## [What is expected]
Copy the data exactly. Images are to be left out.

Stored data entries:
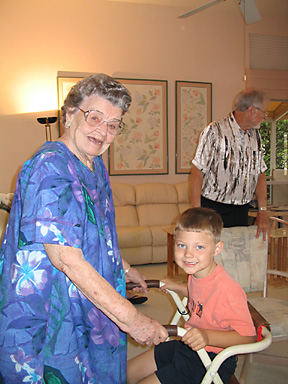 "Great grandma, how are you? This is why I love you. I love it when you took us to Demertrios, I love it when you took us to your yacht club, I love it when we take trips to your house. I love you for being you. Happy Birthday, Love Thomas."
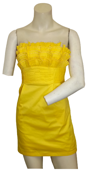 Minuet yellow ruffled strapless dress w/pleats
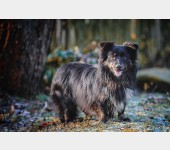 Bardzo łobuzujący psiak, który jest pełen energii. Bardzo towarzyski i zabawowy w stosunku do ludzi jak i zwierząt. Potrafi chodzić na smyczy.
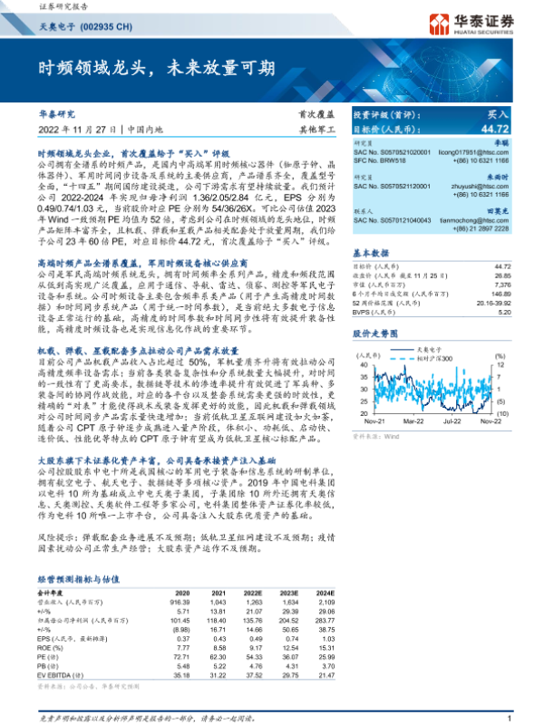 【华泰证券】【20221127】天奥电子-002935.SZ-时频领域龙头,未来放量可期-30页 行业研究
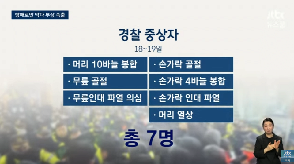 Subject   머리 10바늘 꿰맨 순경, 무릎 골절 경장...경찰에 쇠파이프 휘두르고 벽돌 던진 지지자들

## [Solution to this task]
 "Great grandma, how are you? This is why I love you. I love it when you took us to Demertrios, I love it when you took us to your yacht club, I love it when we take trips to your house. I love you for being you. Happy Birthday, Love Thomas."
 Minuet yellow ruffled strapless dress w/pleats
 Bardzo łobuzujący psiak, który jest pełen energii. Bardzo towarzyski i zabawowy w stosunku do ludzi jak i zwierząt. Potrafi chodzić na smyczy.
 【华泰证券】【20221127】天奥电子-002935.SZ-时频领域龙头,未来放量可期-30页 行业研究
 Subject   머리 10바늘 꿰맨 순경, 무릎 골절 경장...경찰에 쇠파이프 휘두르고 벽돌 던진 지지자들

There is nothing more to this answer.